Ксения быстро вышла и взялась уже за ручку выходной двери, когда за спиной у нее раздалось жалобное:
— Ксюш!
Постояв минуту в нерешительности, Ксения вернулась.
— Ну?
— Ксюшик, уж ты-то должна понимать какая у меня жизнь?! Днем ли, ночью, где бы я ни была: одна ли, с Андреем, даже на людях — о чем ином могу я думать, как только: «А вдруг!»? Господи, ты-то понимаешь…
Ксения свела брови и отвернулась. С закрытыми глазами, едва слышно прошептала.
— Понимаю.
И прижала к себе голову плачущей сестры.
— Ты же помнишь, как я полюбила свое дело, — торопливо бормотала Вера. — Геология, геология! Ни о чем другом не хотела говорить, думать… Ведь то, чем ты меня попрекала, — все эти тряпки, портнихи, вся чепуха — это пришло потому, что, бросив работу, я должна была чем-то заткнуть черную дыру, которая так страшно глядит на меня: куда ни кинь, всюду оно. «А вдруг?!»
— Не надо, будет… — прошептала Ксения.
— Если бы я могла вот так себе сказать — будет! Села бы в самолет и с моим народом в тайгу, в сопки, в экспедицию… Но как же мне?.. Разве я могу его оставить?
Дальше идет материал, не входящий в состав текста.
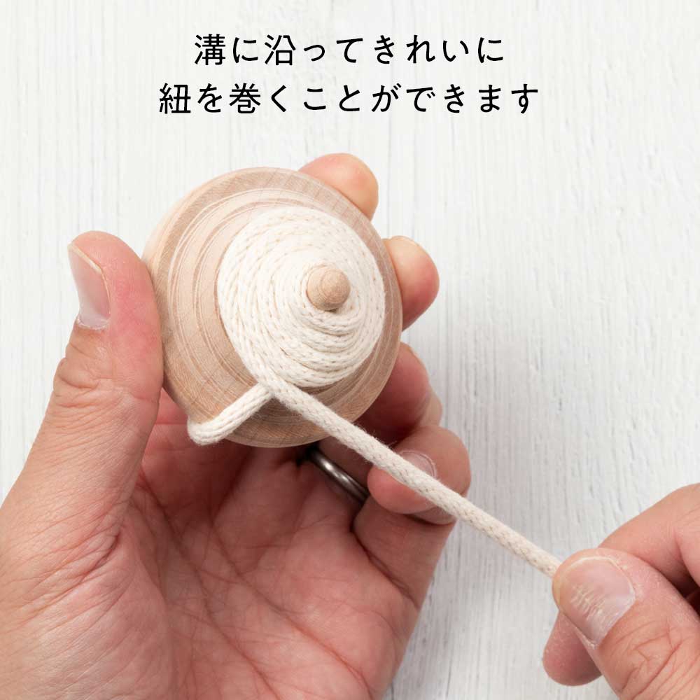 芯棒と一体型の独楽で、独楽の下部に螺旋を入れる事により巻きやすく、回しやすくなっています。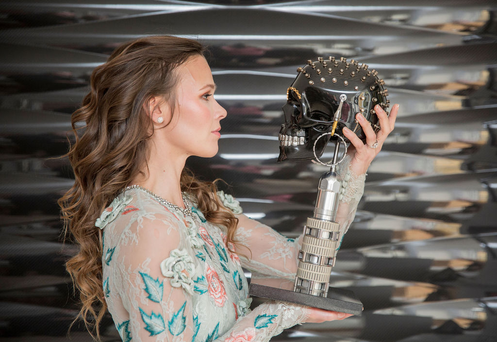 God Save The African Queen is a human skull sculpture made entirely of solid carbon fibre, enhanced with interactive features. Its striking beauty captivates viewers even before delving into its conceptual origins or intricate design. Gibson’s expertise lies in creating artworks that are aesthetically pleasing, rooted in meaning, and meticulously crafted.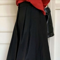 여성 사이드 버클 핀턱 플리츠 롱 스커트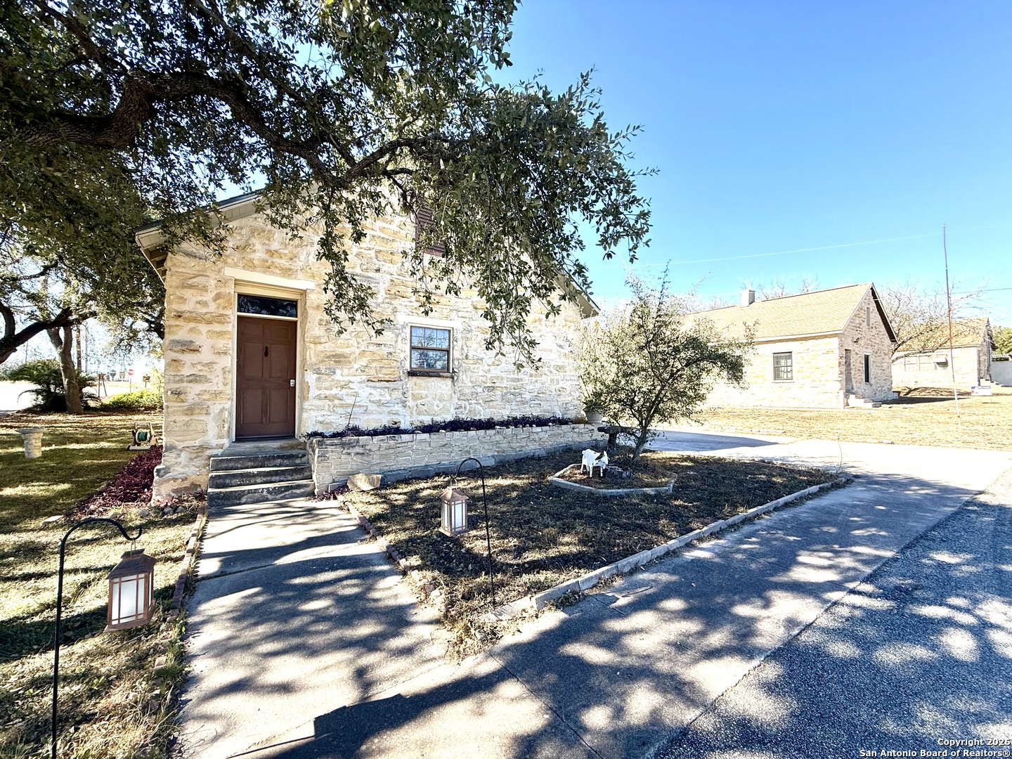 Located in the gated community of the Historic Fort Clark Springs, feast your eyes on this 1886 immaculately remodeled property that was once the mess hall for the US Cavalry of Fort Clark. The recently repointed 18" thick limestone exterior offers superior insulation for the southwest Texas summers. As you enter you are greeted with an open floor plan that boasts a stunning remodeled kitchen with custom cabinets and solid quartz counter tops amongst a newly installed large kitchen island. The properties recent updates consist of newly constructed interior walls, tongue and groove flooring throughout and updated bathrooms and plumbing. Along with the 2 additional bedrooms the master-suite is a luxury of its own. High ceilings, deep jamb depth sun windows, a separate seating area or office space and a prime large walk-in closet are just a few of the key points of the space. There is a large storage room located off the back of the master as well as an additional one located off the very back of the home. The attic space has the potential to also be a separate living area that could make for a loft or guest space. This property would make for a wonderful family home or a prime investment for a vacation spot for the returning hunters, bird watchers, historians, etc. The large patio slab and green space along the exterior is a perfect addition for an evening sitting by the fire and enjoying the surroundings of all the Fort has to offer. The 9th largest spring fed pool in Texas, an 18-hole golf course and clubhouse, a plethora of hiking and biking trails, the Las Moras creek, a 24-hour fitness center are just a few of the amenities Fort Clark Springs has to offer. Schedule your showing today for this beautiful gem!

Хоть на день?.. А вдруг?!.. Ксюша, ты же сама говорила мне: быть женою летчика куда тяжелее, чем летчиком… Ведь это ты мне как-то сказала, когда я шла за Андрея: «Приглядись к женам летчиков, к тем, кто настоящие люди: почему у них не такие глаза, как у других женщин? Откуда этот беспокойный блеск? Кто бы они ни были: домашние хозяйки, матери своих детей, художницы, инженеры, врачи — если настоящие, — все не такие, как другие женщины. Куда ее денешь, эту мысль: «А вдруг?!» Ксюшенька, родненькая… Шесть лет с Андреем. Две тысячи ночей, и каждая вторая без сна, с мыслью: «А вдруг?!» Тысяча бессонных ночей. Кто это может? До геологии тут?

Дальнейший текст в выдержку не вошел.